> [Raw data]
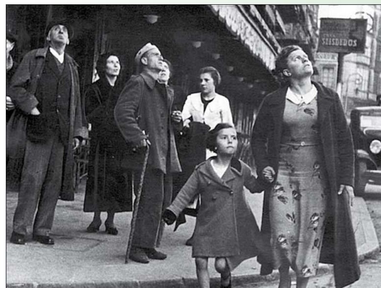
Bombardió (Bilbao, 1937)

Május 25-én reggel egy francia ezreddel gyalog indult el felderítőútra a laoszi határvidékre. Útközben a francia katonákat, a levegőt, kifosztott falvakat és a temetetlen halottakat fotózta. Miközben egy dombra kapaszkodott fel, hogy látképeket készítsen, taposóaknára lépett. Nemcsak híres fotói – mint például a D-nap, vagy A milicista halála – maradtak fenn utána, de ma már szinte közhelyként idézett mondata is: „Ha nem elég jók a képeid, nem voltál elég közel.”
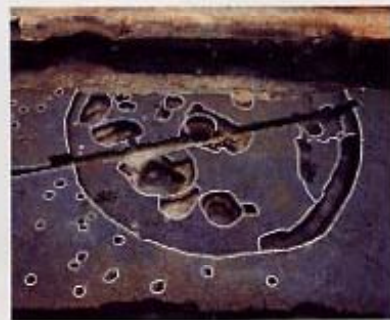
竪穴住居あと（長吉長原東2丁目）
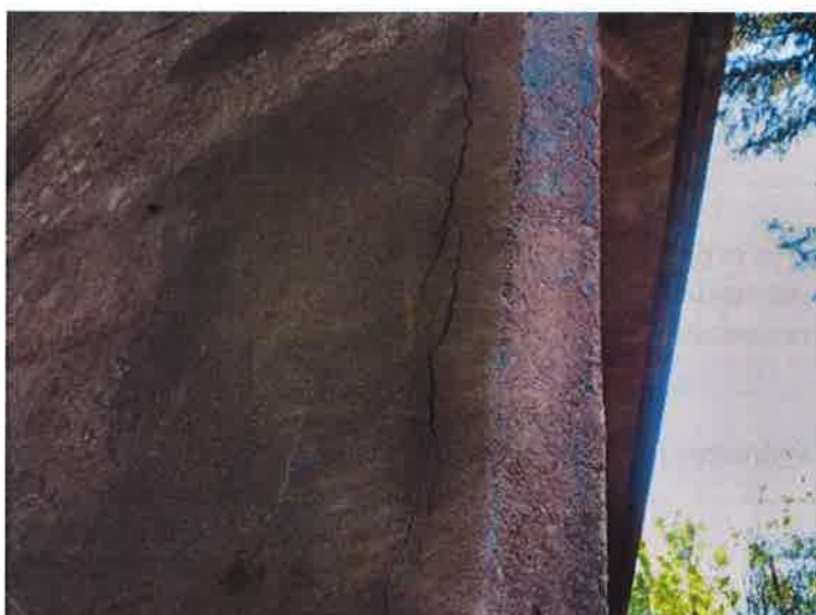
Trhlina charakteristická pro separaci krycí vrstvy nad korodující výztuží u levé stojky P2.

> [Aim of the task]
An exact copy is needed of the lines running from the one with "竪穴住居あと（長吉長原東2丁目）" through the end of the data above, and of those lines only, without pictures.

> [Answer to the exercise]
竪穴住居あと（長吉長原東2丁目）
Trhlina charakteristická pro separaci krycí vrstvy nad korodující výztuží u levé stojky P2.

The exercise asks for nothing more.